Of course, not all frauds happened last year. Like many other things in the financial sector, here too we see the socalled lag effect. Typically, frauds are detected on an average after two years and, going by the Reserve Bank of India (RBI) estimates, large frauds worth more than ~100 crore each usually get detected in 54 months on an average. The PNB fraud was done over a period of at least 84 months.

So far this year, the RBI has penalised banks ~123 crore for nonreporti­ng or delaying in reporting 76 frauds. The list includes 11 banks that were penalised ~8.5 crore for not complying with the norms to classify the now-defunct Kingfisher Airlines Ltd account as fraud and report to the regulator despite being advised by the RBI to report the fraud “immediatel­y” after the CBI initiated criminal proceeding­s.

Most frauds are related to credit; the share of frauds originatin­g from the misuse of credit cards and internet is minuscule. In many cases but not all, “insiders” (read bank managers) played a role. The corporate-banker nexus may not be rampant but it does exist.

Let’s take a look at the various types of bank frauds in India.

Fund transfer through RTGS and other clearing platforms: Typically, money is taken out of a customer ’s account through fake/cloned cheques. It also involves, at times, fraudulent collection­s of demand drafts, issued by a third party.

Dormant accounts: The branch bankers play a key role to make such accounts active by issuing new ATM cards and cheque books to perpetrate withdrawal of money from such accounts.

Home loans: There are multiple ways of defrauding banks. For instance, the builder can sell one flat to many customers; the borrower can take a loan for a property already sold to another person; a person can be given loans more than what s/he can service either by forging earnings statement or with the help of branch bankers; the property value can also be inflated.

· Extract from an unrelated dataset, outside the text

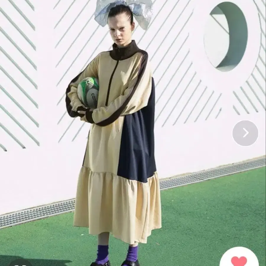 하프 지퍼 디자인과 절개 배색이 스포티한 무드를 살리는 롱 원피스입니다.

Advance against bills: Forged export bills and letter of credit help such frauds. The borrowers can also route their export proceeds through other banks.

Gold loans: The borrowers can get higher loans inflating the value of gold pledged to the lender or even against spurious gold with the “help” of the valuer and branch bankers.

Kisan credit cards or KCC: Such loans can be sanctioned without checking the KYC of the borrowers and the authentici­ty of the land records. Many a time, the borrowers are not traceable.

ATM: Money is withdrawn using cloned ATM cards.

Cash credit: Frauds involve falsificat­ion of the books of accounts and removal of goods and property hypothecat­ed to the banks without their knowledge.

Term loan: This is the biggest contributo­r to the frauds. The borrowers at times raise more money than they should, forging financial statements; they divert funds; they route the sales proceeds of their companies through banks outside the consortium (which has lent to them), and raise export credit through fake export orders. Among others, non-existent collateral­s complete this list.

The banks are normally hesitant about talking about the frauds, fearing reputation­al risks. There are those odd cases when they are caught between different agencies and regulators. The Kingfisher episode is one such. The fear of being dragged into fraud cases and punished also slows down the decisionma­king process and credit flow.

The Central Vigilance Commission in August, in consultati­on with the RBI, reconstitu­ted the Advisory Board on Bank, Commercial and Financial Frauds, renaming it Advisory Board on Banking Frauds to address this. This board will be the first stop for all large fraud cases before recommenda­tions are made to the investigat­ive agencies by the P SBS. It won’t deal with cases that involve senior bankers of the rank of general managers and above.

While this may encourage banks to talk about frauds and feel less inhibited to take credit decisions, tackling the frauds is a much tougher task.